*** Dataset excerpt Section Begins ***

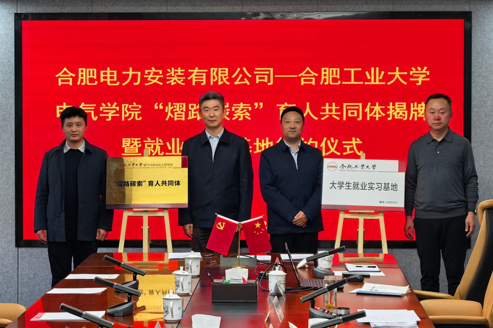 师生赴合肥电力安装有限公司参观交流,并举行“熠路碳索”育人共同体和大学生就业实习基地签约揭牌仪式。
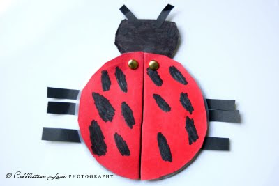 10. Cut a cardboard strip (or use a small piece of elastic if you have it) and staple/glue it to the underside of the ladybug for a handle.
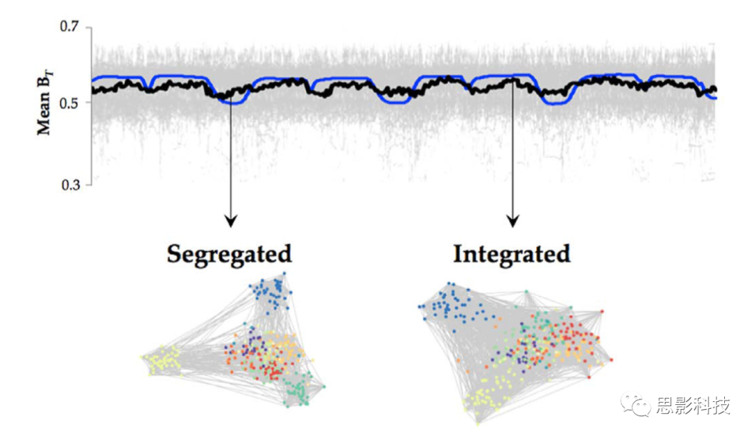功能神經成像實驗為非侵入性的識別區(qū)域間關系在時間維度上的變化提供了一種有效的方法。研究結果表明靜息大腦中整合和分離之間的平衡存在強勁的波動。一項開創(chuàng)性的研究表明,隨著時間的推移,全局大腦信號在高連接強度和低連接強度狀態(tài)之間轉換。由此證明了大腦的網絡結構會隨著時間的推移而波動,以及相對模塊化和整合拓撲架構之間的轉變。鑒于已知的協(xié)調性網絡中模塊化和整合之間的反比關系(圖2),上述結果很可能反映了在拓撲空間上作為兩個極端存在的拓撲狀態(tài)的描述,盡管這種關系不一定適用于其他類型的生物網絡。無論哪種方式,網絡拓撲的動態(tài)變化的認知關聯仍舊不明晰。
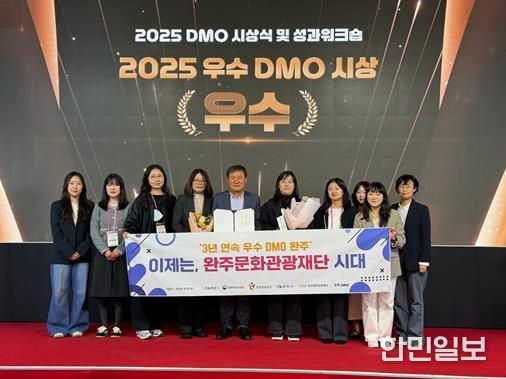 한민일보 서울포커스 박용남 기자 | 완주문화관광재단은 지난 8일 서울 정동 1928아트센터에서 열린 ‘2025년 우수 DMO 시상식’에서 전국 22개 지자체 중 A등급을 획득, 3년 연속 ‘우수’등급 달성과 함께 한국관광공사 사장상을 수상했다고 밝혔다.

*** Dataset excerpt Section Ends ***

== Your assignment ==
Please reproduce all the material exactly. Pictures stay out of the copy.

== Reply to the task ==
 师生赴合肥电力安装有限公司参观交流,并举行“熠路碳索”育人共同体和大学生就业实习基地签约揭牌仪式。
 10. Cut a cardboard strip (or use a small piece of elastic if you have it) and staple/glue it to the underside of the ladybug for a handle.
功能神經成像實驗為非侵入性的識別區(qū)域間關系在時間維度上的變化提供了一種有效的方法。研究結果表明靜息大腦中整合和分離之間的平衡存在強勁的波動。一項開創(chuàng)性的研究表明,隨著時間的推移,全局大腦信號在高連接強度和低連接強度狀態(tài)之間轉換。由此證明了大腦的網絡結構會隨著時間的推移而波動,以及相對模塊化和整合拓撲架構之間的轉變。鑒于已知的協(xié)調性網絡中模塊化和整合之間的反比關系(圖2),上述結果很可能反映了在拓撲空間上作為兩個極端存在的拓撲狀態(tài)的描述,盡管這種關系不一定適用于其他類型的生物網絡。無論哪種方式,網絡拓撲的動態(tài)變化的認知關聯仍舊不明晰。
 한민일보 서울포커스 박용남 기자 | 완주문화관광재단은 지난 8일 서울 정동 1928아트센터에서 열린 ‘2025년 우수 DMO 시상식’에서 전국 22개 지자체 중 A등급을 획득, 3년 연속 ‘우수’등급 달성과 함께 한국관광공사 사장상을 수상했다고 밝혔다.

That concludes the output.